So one thing I do know as to why I think she tried again is cause she was in a awful spot. Her husband had a two year love, and other things happen affair with her sister in law. So I do think that her saying that again drunk was her also trying to play pay back. And I kno she was digging especially with his friend ya know. Cause when she went home that’s night she played this game with her husband asking if he was a threat to the marriage. I think she wanted attention also and to have her husband get jealous. If my husband truly wanted her he would have executed what did he have to lose that wasn’t already on the line ya know.


----------



## TAMAT (Jun 20, 2015)

Do you think that part of the reason you can't let it go is that your H never took what he did seriously or comprehended what he did? As another thread put it "he never got it"


----------



## dontworrybehappy (Apr 17, 2018)

TAMAT said:


> Do you think that part of the reason you can't let it go is that your H never took what he did seriously or comprehended what he did? As another thread put it "he never got it"

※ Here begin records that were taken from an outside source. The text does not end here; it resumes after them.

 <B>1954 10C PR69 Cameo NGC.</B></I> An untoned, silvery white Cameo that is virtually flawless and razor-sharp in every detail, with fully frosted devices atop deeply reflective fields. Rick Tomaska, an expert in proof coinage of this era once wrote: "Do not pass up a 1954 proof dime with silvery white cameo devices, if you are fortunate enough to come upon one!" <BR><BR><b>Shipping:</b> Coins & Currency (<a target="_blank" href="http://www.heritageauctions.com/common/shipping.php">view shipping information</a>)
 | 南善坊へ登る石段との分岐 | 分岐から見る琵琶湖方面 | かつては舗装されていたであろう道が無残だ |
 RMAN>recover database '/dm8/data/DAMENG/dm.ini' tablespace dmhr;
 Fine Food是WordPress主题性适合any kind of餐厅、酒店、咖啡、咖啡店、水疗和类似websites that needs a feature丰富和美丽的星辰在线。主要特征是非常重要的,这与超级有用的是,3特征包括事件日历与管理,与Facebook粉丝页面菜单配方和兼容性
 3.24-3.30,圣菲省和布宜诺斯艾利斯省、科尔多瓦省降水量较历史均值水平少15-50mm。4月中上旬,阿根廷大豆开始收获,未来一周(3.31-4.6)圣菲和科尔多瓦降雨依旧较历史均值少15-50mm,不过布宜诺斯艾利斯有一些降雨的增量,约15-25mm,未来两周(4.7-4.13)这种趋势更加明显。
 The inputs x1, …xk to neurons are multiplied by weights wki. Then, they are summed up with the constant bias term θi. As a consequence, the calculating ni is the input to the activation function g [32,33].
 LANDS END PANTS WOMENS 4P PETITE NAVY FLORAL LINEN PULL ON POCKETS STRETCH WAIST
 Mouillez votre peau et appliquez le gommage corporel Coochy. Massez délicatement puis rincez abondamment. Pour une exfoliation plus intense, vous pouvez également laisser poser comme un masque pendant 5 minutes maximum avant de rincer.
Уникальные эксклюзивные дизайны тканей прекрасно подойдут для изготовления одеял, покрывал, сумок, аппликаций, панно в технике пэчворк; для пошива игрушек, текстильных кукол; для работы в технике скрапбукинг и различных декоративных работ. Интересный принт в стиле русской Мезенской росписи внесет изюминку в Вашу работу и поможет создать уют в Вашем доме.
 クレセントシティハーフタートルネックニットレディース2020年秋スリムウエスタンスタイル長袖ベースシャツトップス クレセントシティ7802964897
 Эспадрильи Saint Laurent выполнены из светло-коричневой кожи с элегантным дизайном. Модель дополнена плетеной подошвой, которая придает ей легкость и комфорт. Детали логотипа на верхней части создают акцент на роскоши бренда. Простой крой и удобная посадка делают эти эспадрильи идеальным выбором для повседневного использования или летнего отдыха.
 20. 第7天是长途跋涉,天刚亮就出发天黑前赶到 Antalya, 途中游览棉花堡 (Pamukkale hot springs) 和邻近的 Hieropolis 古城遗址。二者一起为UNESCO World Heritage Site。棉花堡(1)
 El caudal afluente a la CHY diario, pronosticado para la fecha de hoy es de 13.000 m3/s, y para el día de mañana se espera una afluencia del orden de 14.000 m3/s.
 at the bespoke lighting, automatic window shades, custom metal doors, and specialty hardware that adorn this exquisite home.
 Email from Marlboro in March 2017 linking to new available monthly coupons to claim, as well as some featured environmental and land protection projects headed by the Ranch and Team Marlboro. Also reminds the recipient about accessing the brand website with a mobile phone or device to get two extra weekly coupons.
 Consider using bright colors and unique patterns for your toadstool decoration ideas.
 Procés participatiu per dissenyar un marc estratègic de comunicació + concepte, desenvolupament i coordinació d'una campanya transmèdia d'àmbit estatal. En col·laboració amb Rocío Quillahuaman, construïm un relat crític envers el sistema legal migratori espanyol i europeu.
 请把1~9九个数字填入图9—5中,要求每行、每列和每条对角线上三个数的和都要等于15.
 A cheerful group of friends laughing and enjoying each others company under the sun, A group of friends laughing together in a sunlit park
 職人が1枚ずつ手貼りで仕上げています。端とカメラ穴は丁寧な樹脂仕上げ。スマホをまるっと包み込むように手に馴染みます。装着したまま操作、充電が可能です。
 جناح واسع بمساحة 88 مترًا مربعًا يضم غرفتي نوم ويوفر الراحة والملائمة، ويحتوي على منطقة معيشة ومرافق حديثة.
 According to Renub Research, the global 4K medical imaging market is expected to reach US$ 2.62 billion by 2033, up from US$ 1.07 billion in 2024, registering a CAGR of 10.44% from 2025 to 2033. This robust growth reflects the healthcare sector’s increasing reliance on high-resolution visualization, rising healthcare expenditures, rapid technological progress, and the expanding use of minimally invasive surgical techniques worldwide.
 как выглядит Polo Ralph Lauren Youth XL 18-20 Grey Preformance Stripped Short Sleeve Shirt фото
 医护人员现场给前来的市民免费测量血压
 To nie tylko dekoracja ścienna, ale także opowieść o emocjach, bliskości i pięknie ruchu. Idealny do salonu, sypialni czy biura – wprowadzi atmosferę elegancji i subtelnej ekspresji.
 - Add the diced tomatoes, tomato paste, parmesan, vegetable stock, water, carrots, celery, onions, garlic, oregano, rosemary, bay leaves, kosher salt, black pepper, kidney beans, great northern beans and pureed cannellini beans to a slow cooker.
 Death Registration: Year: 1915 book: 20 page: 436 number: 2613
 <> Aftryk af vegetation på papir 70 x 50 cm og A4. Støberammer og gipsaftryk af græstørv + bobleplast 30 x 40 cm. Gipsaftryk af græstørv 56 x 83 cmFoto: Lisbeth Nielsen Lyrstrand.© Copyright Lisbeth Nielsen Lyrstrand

I think maybe he didn’t take it as serious as me because he saw what he did was not the typical affairs and he had reasoning to do it that he wasn’t infatuated and so on so maybe yeah maybe he didn’t see it as severe as I do


----------



## StillSearching (Feb 8, 2013)

dontworrybehappy said:


> I think maybe he didn’t take it as serious as me because he saw what he did was not the typical affairs and he had reasoning to do it that he wasn’t infatuated and so on so maybe yeah maybe he didn’t see it as severe as I do


They never do.


----------



## She'sStillGotIt (Jul 30, 2016)

dontworrybehappy said:


> So here is where I disagree with you all. Cause After the kiss he called her three days later and apologized to her and told her he loves me and he didn’t have feelings he was lost for a moment. About 4 months later she tried to kiss him and he said no so that’s how I know it wasn’t a “thing” of he truly lusted her he would have ran with it.


May I assume you had a VAR *secretly* record this oh so noble call he made to her while he thought he was alone? If that's the case - that he called _not knowing he was being taped_ - then I MIGHT believe it.

But if he made this most gratuitous call *in your presence*, then it doesn't count. He filed that little phone call performance under, 'dog and pony show I put on for my wife to get her off my back.' He and his 'friend' probably had a good laugh over that one the next time he saw her.

How do you know it never went farther than a kiss? Because HE told you that? Maybe *she* told you that as well? 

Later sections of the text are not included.